Urania speaks with darken'd brow:
`Thou pratest here where thou art least;
This faith has many a purer priest,
And many an abler voice than thou.
"Go down beside thy native rill,
On thy Parnassus set thy feet,
And hear thy laurel whisper sweet
About the ledges of the hill."
And my Melpomene replies,
A touch of shame upon her cheek:
"I am not worthy ev'n to speak
Of thy prevailing mysteries;
"For I am but an earthly Muse,
And owning but a little art
To lull with song an aching heart,
And render human love his dues;
"But brooding on the dear one dead,
And all he said of things divine,
(And dear to me as sacred wine
To dying lips is all he said),
"I murmur'd, as I came along,
Of comfort clasp'd in truth reveal'd;
And loiter'd in the master's field,
And darken'd sanctities with song."
- Tennyson does a lot of name-dropping in this canto, so you'd better be ready to visit the "Allusions" section.
- Urania is the muse of astronomy. Astronomy deals with all the stars, planets, galaxies, etc., outside of Earth. This area (outside of Earth) has also been called "the heavens." So, Urania is a sort of muse of the heavens, or exists over all the other muses.

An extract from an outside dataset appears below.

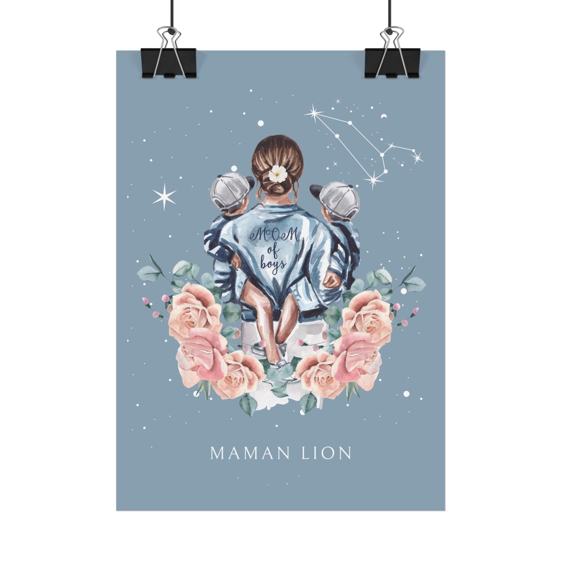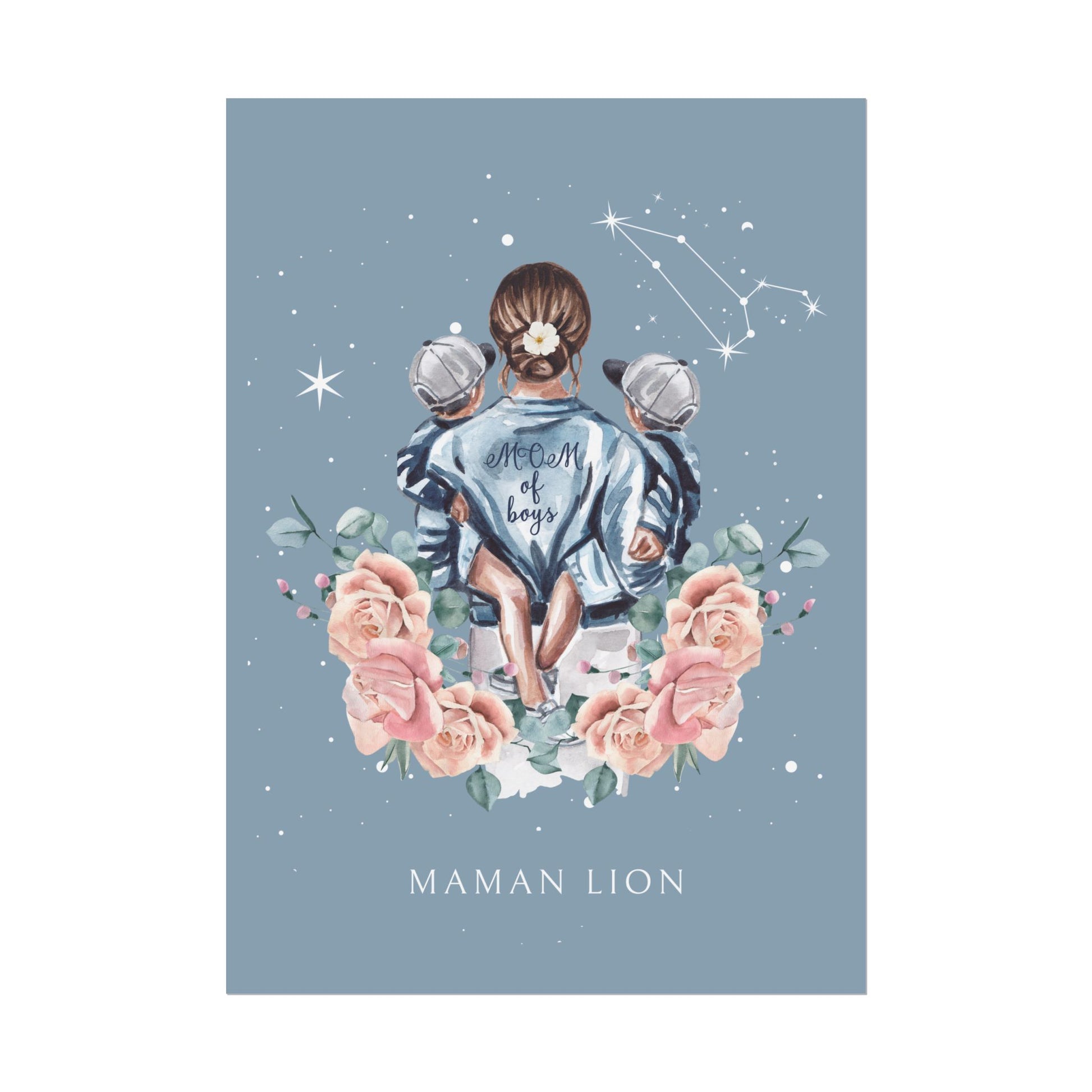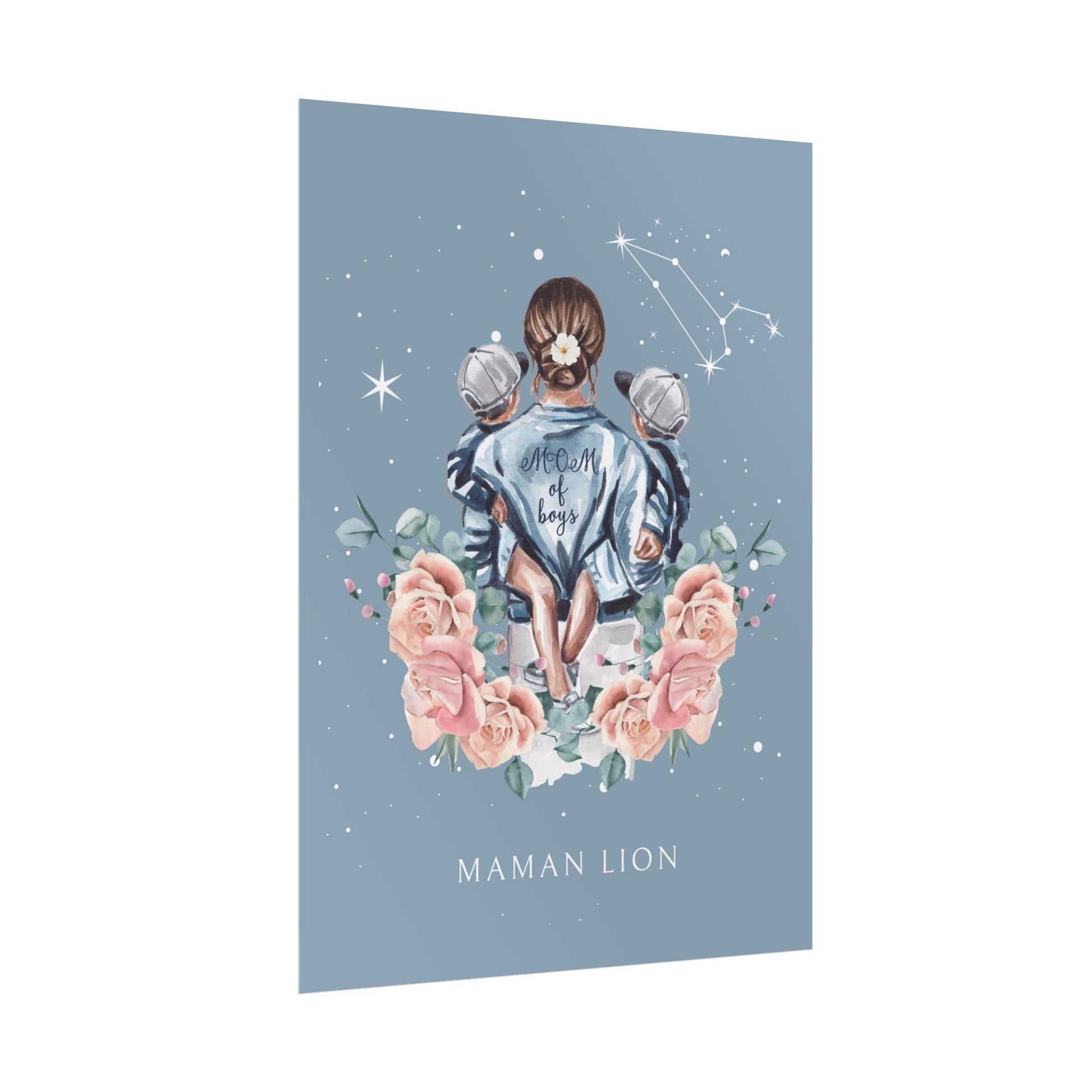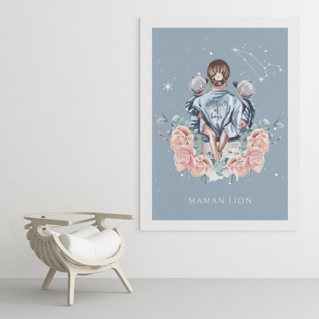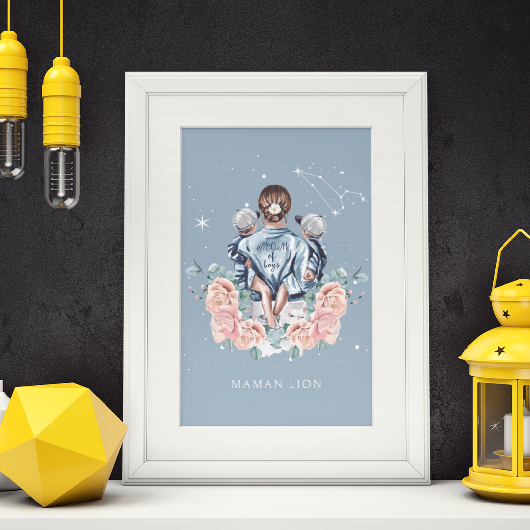 Ajoutez une touche de force et de chaleur à votre décoration avec ce poster de la collection Cosmic Mum. L’illustration met en scène une mère portant ses fils avec tendresse, sous un ciel étoilé illuminé par la constellation du Lion. Ce design rend hommage à la puissance et à la noblesse du lien maternel.

- She scolds the speaker for complaining about these topics when he's nothing compared to the more learned priests and others who have made the same complaints before. She sends him off to listen to the other muses (they live on Mount Parnassus, by the by).
- Melpomene (muse of singing or tragedy) admits that she's not even worthy to speak of Urania's mysteries.
- She's only an earthly muse who is trying to make the speaker feel a bit better about his dead friend by singing about Arthur and the things he held sacred while he was alive.